> **DATA EXTRACT**
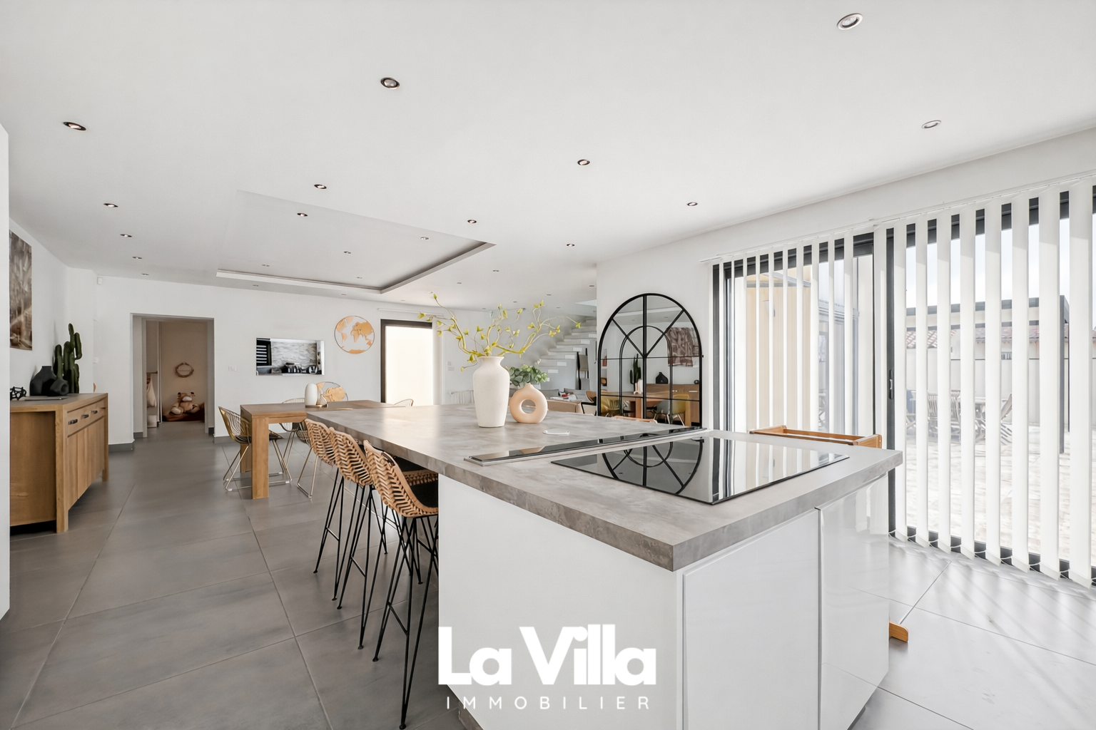 Dès l'entrée, la maison dévoile une pièce de vie spectaculaire, baignée de lumière, avec une belle hauteur sous plafond et de larges ouvertures sur l'extérieur. La cuisine, résolument moderne, s'intègre harmonieusement à l'espace de réception, idéal pour recevoir en toute convivialité.
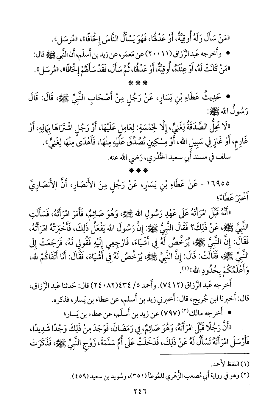 • أَخرجه مالك (¬٢) (٧٩٧) عن زيد بن أسلم، عن عطاء بن يسار؛
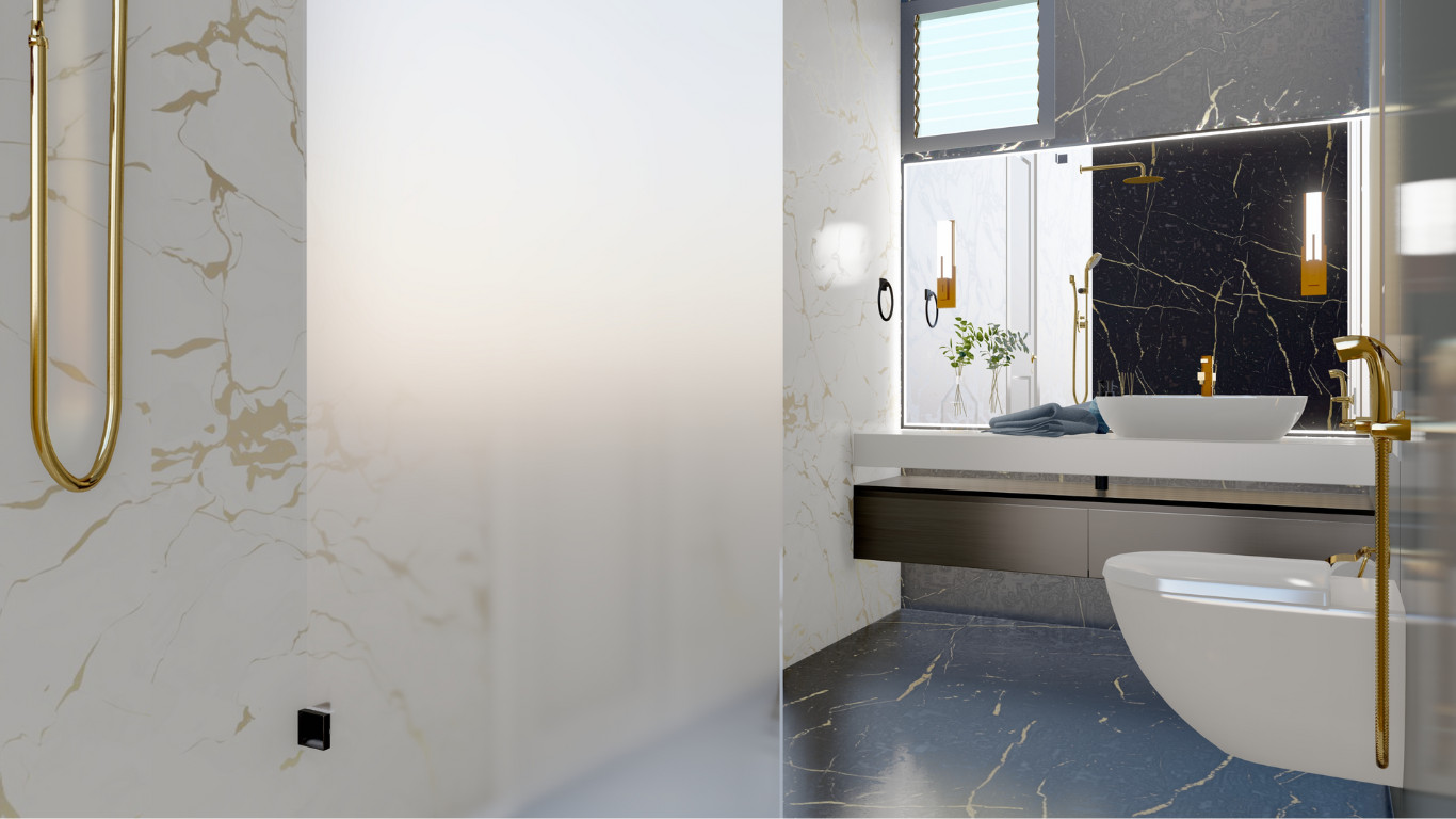 Indulge in the ultimate luxury with a modern bathroom design that combines elegance and functionality. Featuring high-end finishes, sleek modern fixtures, and custom bathroom elements, this space is designed to create a spa-like retreat in your own home. A freestanding bathtub and spacious walk-in shower offer the perfect blend of style and relaxation, while luxury bathroom lighting and designer accessories enhance the ambiance. Marble surfaces, minimalist vanities, and luxury bathroom tiles add a sophisticated touch, making this bathroom not only functional but also a statement of refined taste and modern elegance.
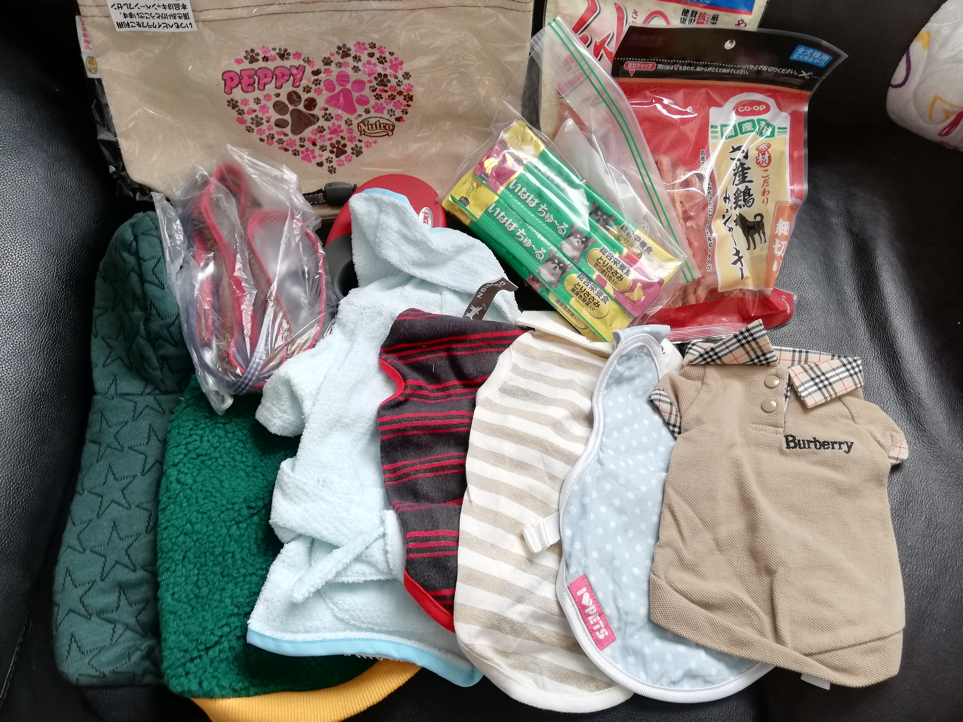 さいたま市のメイママ様から、ワンコ服やワンコ食器、きれいなあたたかいフリーズなどをたくさんいただきました。

> **EXERCISE DIRECTIONS**
Reproduce every line above as written, skipping pictures.

> **YOUR SOLUTION**
 Dès l'entrée, la maison dévoile une pièce de vie spectaculaire, baignée de lumière, avec une belle hauteur sous plafond et de larges ouvertures sur l'extérieur. La cuisine, résolument moderne, s'intègre harmonieusement à l'espace de réception, idéal pour recevoir en toute convivialité.
 • أَخرجه مالك (¬٢) (٧٩٧) عن زيد بن أسلم، عن عطاء بن يسار؛
 Indulge in the ultimate luxury with a modern bathroom design that combines elegance and functionality. Featuring high-end finishes, sleek modern fixtures, and custom bathroom elements, this space is designed to create a spa-like retreat in your own home. A freestanding bathtub and spacious walk-in shower offer the perfect blend of style and relaxation, while luxury bathroom lighting and designer accessories enhance the ambiance. Marble surfaces, minimalist vanities, and luxury bathroom tiles add a sophisticated touch, making this bathroom not only functional but also a statement of refined taste and modern elegance.
 さいたま市のメイママ様から、ワンコ服やワンコ食器、きれいなあたたかいフリーズなどをたくさんいただきました。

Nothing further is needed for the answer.